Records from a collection
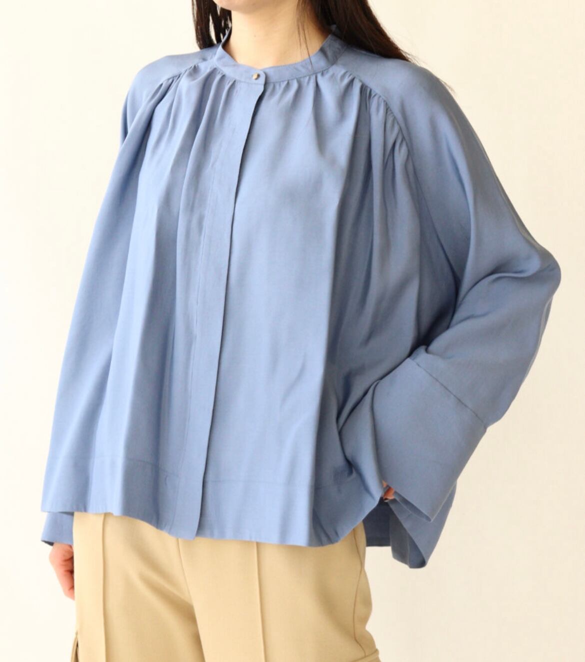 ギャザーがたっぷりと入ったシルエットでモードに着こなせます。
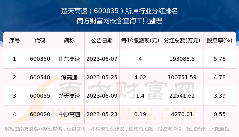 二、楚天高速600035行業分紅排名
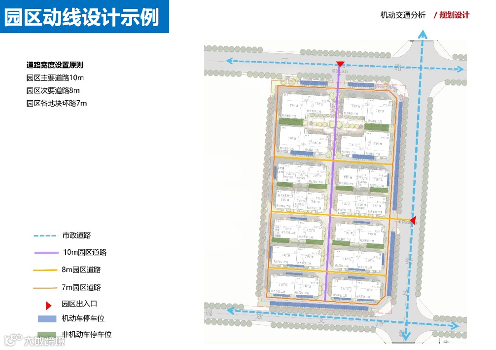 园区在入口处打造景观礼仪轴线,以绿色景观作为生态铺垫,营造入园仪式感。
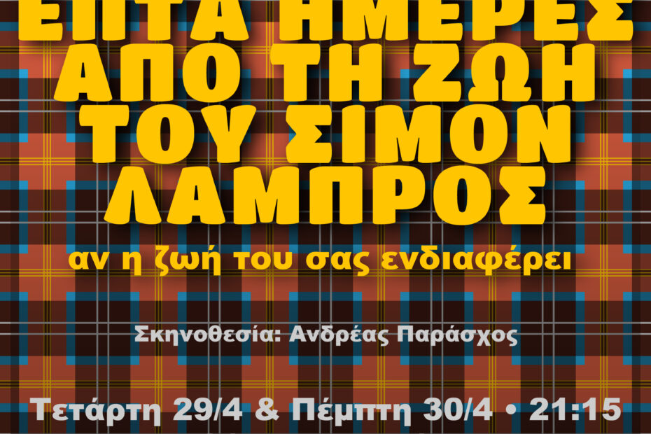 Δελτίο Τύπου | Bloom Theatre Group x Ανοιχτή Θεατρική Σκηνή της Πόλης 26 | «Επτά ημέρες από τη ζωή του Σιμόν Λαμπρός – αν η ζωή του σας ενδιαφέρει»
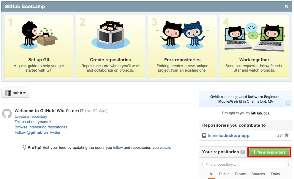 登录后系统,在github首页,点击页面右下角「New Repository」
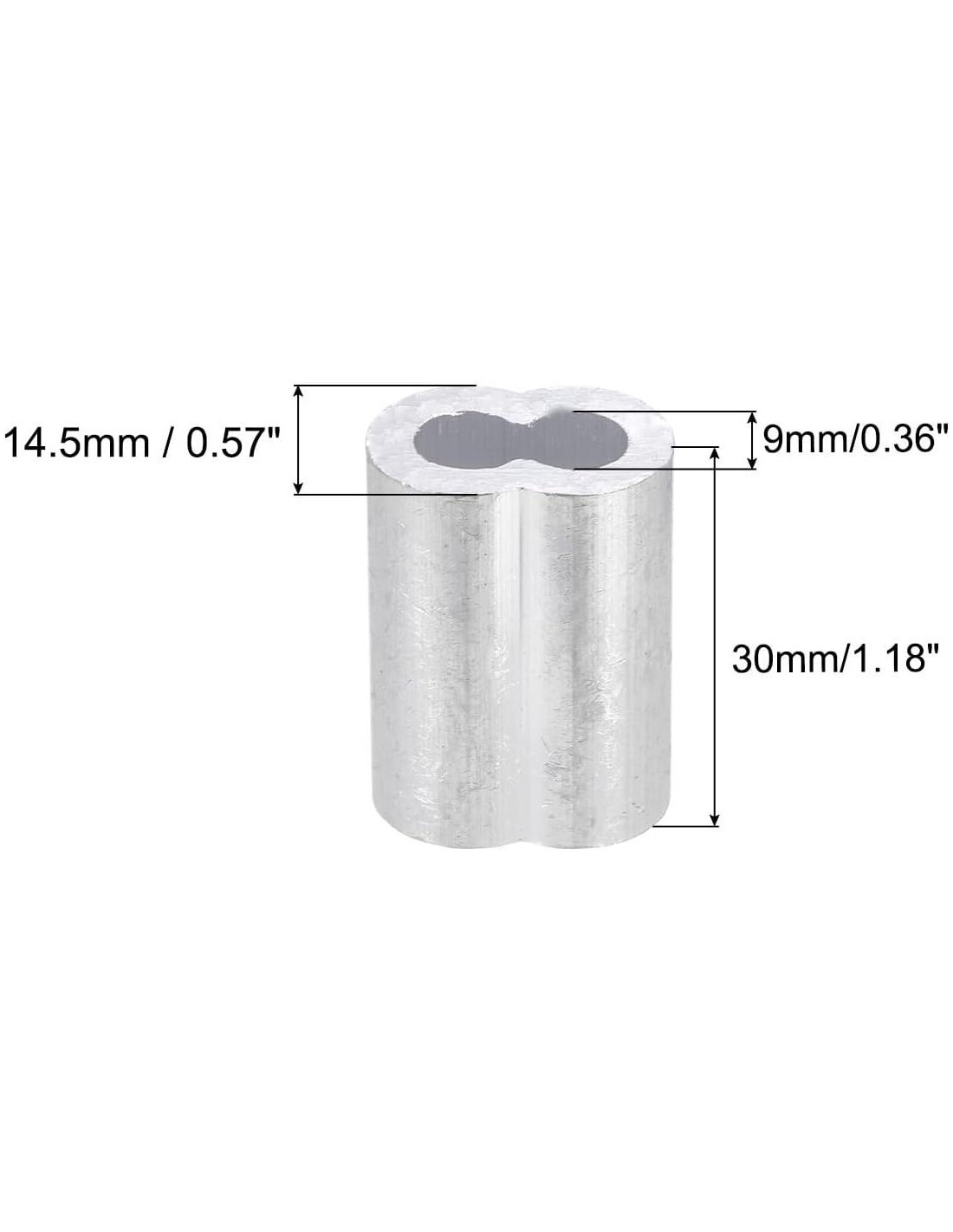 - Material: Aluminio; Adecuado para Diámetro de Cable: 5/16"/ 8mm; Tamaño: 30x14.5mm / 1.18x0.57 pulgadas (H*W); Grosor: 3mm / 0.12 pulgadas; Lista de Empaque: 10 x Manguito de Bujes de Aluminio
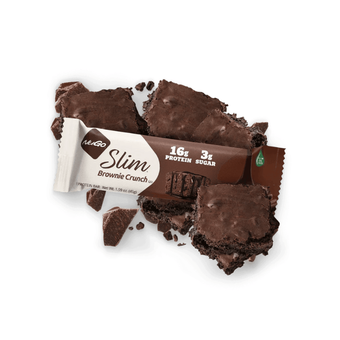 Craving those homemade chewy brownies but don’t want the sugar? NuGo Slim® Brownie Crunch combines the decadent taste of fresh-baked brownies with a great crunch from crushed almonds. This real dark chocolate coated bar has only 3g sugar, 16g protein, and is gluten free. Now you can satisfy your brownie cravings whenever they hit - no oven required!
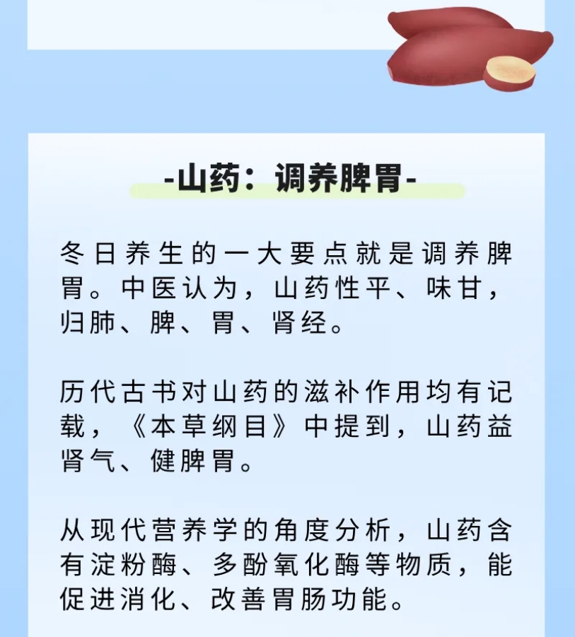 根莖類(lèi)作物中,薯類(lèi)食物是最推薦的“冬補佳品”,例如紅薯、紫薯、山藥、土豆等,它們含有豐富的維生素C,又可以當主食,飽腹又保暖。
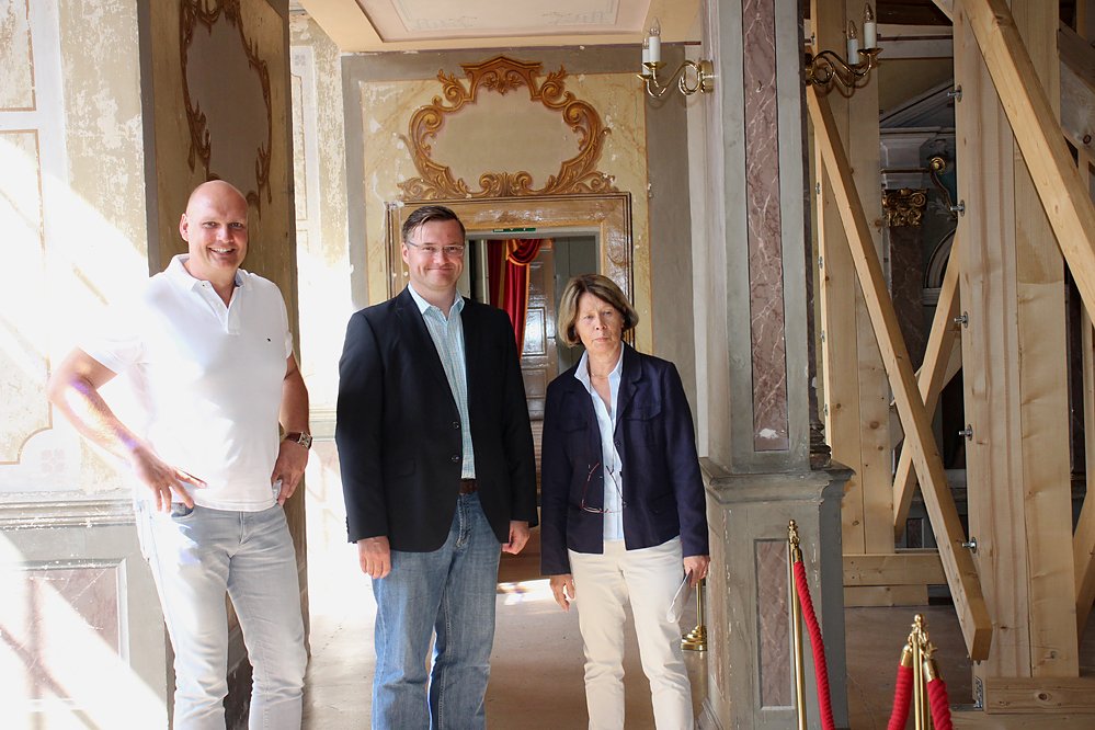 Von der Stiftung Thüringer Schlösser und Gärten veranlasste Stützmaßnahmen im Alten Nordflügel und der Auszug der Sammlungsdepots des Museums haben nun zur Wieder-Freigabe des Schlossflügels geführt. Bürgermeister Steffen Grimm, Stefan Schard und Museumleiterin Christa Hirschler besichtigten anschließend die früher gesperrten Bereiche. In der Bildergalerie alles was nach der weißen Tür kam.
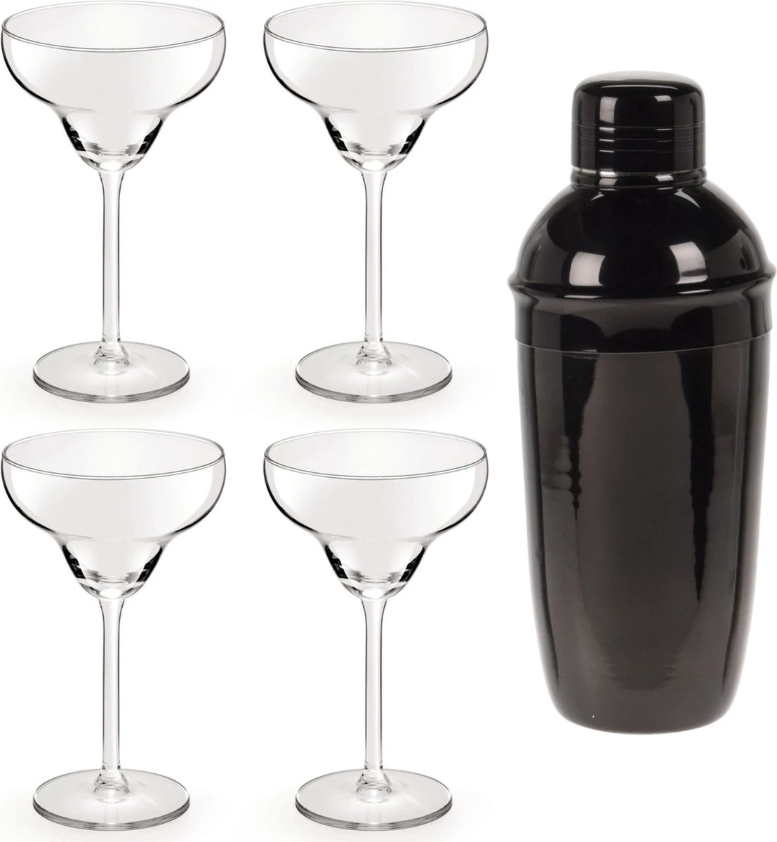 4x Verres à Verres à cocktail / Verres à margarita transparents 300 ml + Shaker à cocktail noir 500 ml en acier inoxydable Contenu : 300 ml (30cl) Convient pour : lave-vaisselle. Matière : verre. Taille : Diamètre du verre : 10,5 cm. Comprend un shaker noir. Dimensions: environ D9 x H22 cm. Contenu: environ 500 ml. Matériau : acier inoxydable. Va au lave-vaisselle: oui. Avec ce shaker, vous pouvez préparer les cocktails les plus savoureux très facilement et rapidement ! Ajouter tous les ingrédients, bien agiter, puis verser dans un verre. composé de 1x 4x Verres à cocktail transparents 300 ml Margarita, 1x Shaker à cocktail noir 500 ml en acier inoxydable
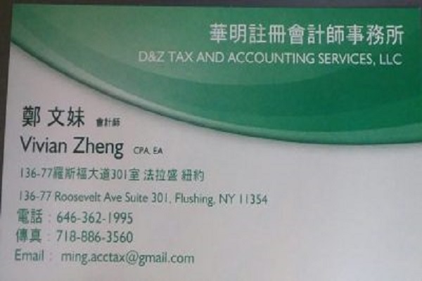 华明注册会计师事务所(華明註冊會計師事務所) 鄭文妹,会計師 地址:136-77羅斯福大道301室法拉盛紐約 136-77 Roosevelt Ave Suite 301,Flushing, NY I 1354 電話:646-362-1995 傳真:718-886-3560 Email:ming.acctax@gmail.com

§ WORK ORDER
The answer must be an exact copy of the records, with no images in it.

§ RESULT OF THIS EXERCISE
 ギャザーがたっぷりと入ったシルエットでモードに着こなせます。
 二、楚天高速600035行業分紅排名
 园区在入口处打造景观礼仪轴线,以绿色景观作为生态铺垫,营造入园仪式感。
 Δελτίο Τύπου | Bloom Theatre Group x Ανοιχτή Θεατρική Σκηνή της Πόλης 26 | «Επτά ημέρες από τη ζωή του Σιμόν Λαμπρός – αν η ζωή του σας ενδιαφέρει»
 登录后系统,在github首页,点击页面右下角「New Repository」
 - Material: Aluminio; Adecuado para Diámetro de Cable: 5/16"/ 8mm; Tamaño: 30x14.5mm / 1.18x0.57 pulgadas (H*W); Grosor: 3mm / 0.12 pulgadas; Lista de Empaque: 10 x Manguito de Bujes de Aluminio
 Craving those homemade chewy brownies but don’t want the sugar? NuGo Slim® Brownie Crunch combines the decadent taste of fresh-baked brownies with a great crunch from crushed almonds. This real dark chocolate coated bar has only 3g sugar, 16g protein, and is gluten free. Now you can satisfy your brownie cravings whenever they hit - no oven required!
 根莖類(lèi)作物中,薯類(lèi)食物是最推薦的“冬補佳品”,例如紅薯、紫薯、山藥、土豆等,它們含有豐富的維生素C,又可以當主食,飽腹又保暖。
 Von der Stiftung Thüringer Schlösser und Gärten veranlasste Stützmaßnahmen im Alten Nordflügel und der Auszug der Sammlungsdepots des Museums haben nun zur Wieder-Freigabe des Schlossflügels geführt. Bürgermeister Steffen Grimm, Stefan Schard und Museumleiterin Christa Hirschler besichtigten anschließend die früher gesperrten Bereiche. In der Bildergalerie alles was nach der weißen Tür kam.
 4x Verres à Verres à cocktail / Verres à margarita transparents 300 ml + Shaker à cocktail noir 500 ml en acier inoxydable Contenu : 300 ml (30cl) Convient pour : lave-vaisselle. Matière : verre. Taille : Diamètre du verre : 10,5 cm. Comprend un shaker noir. Dimensions: environ D9 x H22 cm. Contenu: environ 500 ml. Matériau : acier inoxydable. Va au lave-vaisselle: oui. Avec ce shaker, vous pouvez préparer les cocktails les plus savoureux très facilement et rapidement ! Ajouter tous les ingrédients, bien agiter, puis verser dans un verre. composé de 1x 4x Verres à cocktail transparents 300 ml Margarita, 1x Shaker à cocktail noir 500 ml en acier inoxydable
 华明注册会计师事务所(華明註冊會計師事務所) 鄭文妹,会計師 地址:136-77羅斯福大道301室法拉盛紐約 136-77 Roosevelt Ave Suite 301,Flushing, NY I 1354 電話:646-362-1995 傳真:718-886-3560 Email:ming.acctax@gmail.com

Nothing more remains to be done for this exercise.